» **PROVIDED MATERIAL**
#####

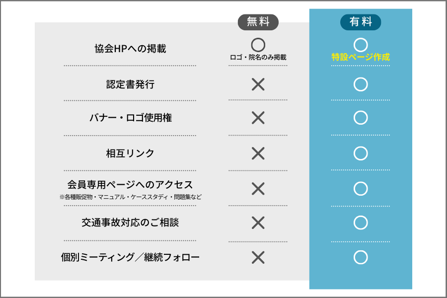 当協会ホームページは交通事故分野に特化した専門ポータルサイトです。その中でご紹介することで、交通事故対応に強い院としての専門性や信頼性を対外的に示すことができ、ブランド価値の向上にもつながります。
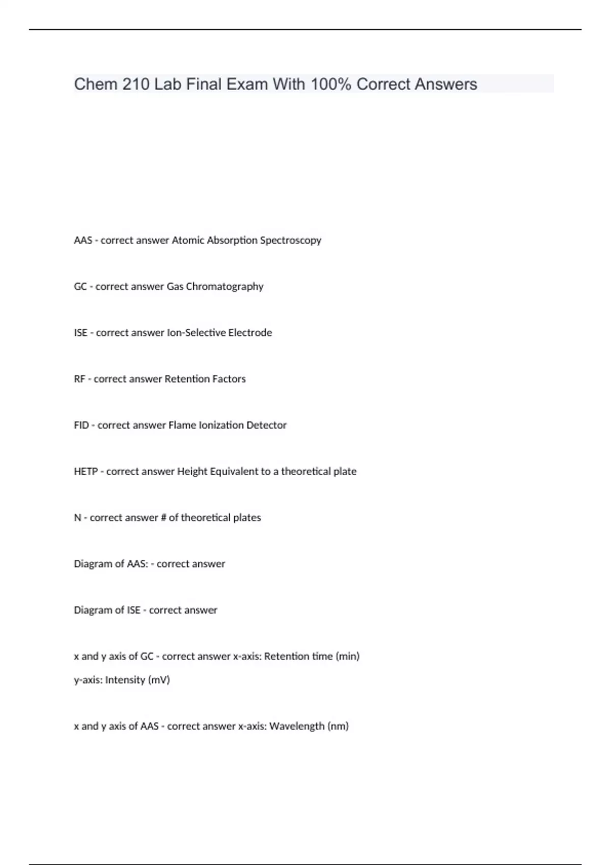 AAS - correct answer Atomic Absorption Spectroscopy GC - correct answer Gas Chromatography ISE - correct answer Ion-Selective Electrode RF - correct answer Retention Factors FID - correct answer Flame Ionization Detector HETP - correct answer Height Equivalent to a theoretical plate N - correct answer # of theoretical plates Diagram of AAS: - correct answer Diagram of ISE - correct answer x and y axis of GC - correct answer x-axis: Retention time (min) y-axis: Intensity (mV) x and y axis of AAS - correct answer x-axis: Wavelength (nm) y-axis: Absorbance
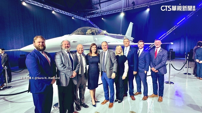 畫面中可以看到後方一架F-16V戰機,就是當時交機給我國的新機,三月底完成組裝測試。國防部副部長柏鴻輝與駐美代表俞大㵢都到場出席交機典禮。

#####

Drop the pictures and give every line above again exactly.

» **ANSWER BELOW**
 当協会ホームページは交通事故分野に特化した専門ポータルサイトです。その中でご紹介することで、交通事故対応に強い院としての専門性や信頼性を対外的に示すことができ、ブランド価値の向上にもつながります。
 AAS - correct answer Atomic Absorption Spectroscopy GC - correct answer Gas Chromatography ISE - correct answer Ion-Selective Electrode RF - correct answer Retention Factors FID - correct answer Flame Ionization Detector HETP - correct answer Height Equivalent to a theoretical plate N - correct answer # of theoretical plates Diagram of AAS: - correct answer Diagram of ISE - correct answer x and y axis of GC - correct answer x-axis: Retention time (min) y-axis: Intensity (mV) x and y axis of AAS - correct answer x-axis: Wavelength (nm) y-axis: Absorbance
 畫面中可以看到後方一架F-16V戰機,就是當時交機給我國的新機,三月底完成組裝測試。國防部副部長柏鴻輝與駐美代表俞大㵢都到場出席交機典禮。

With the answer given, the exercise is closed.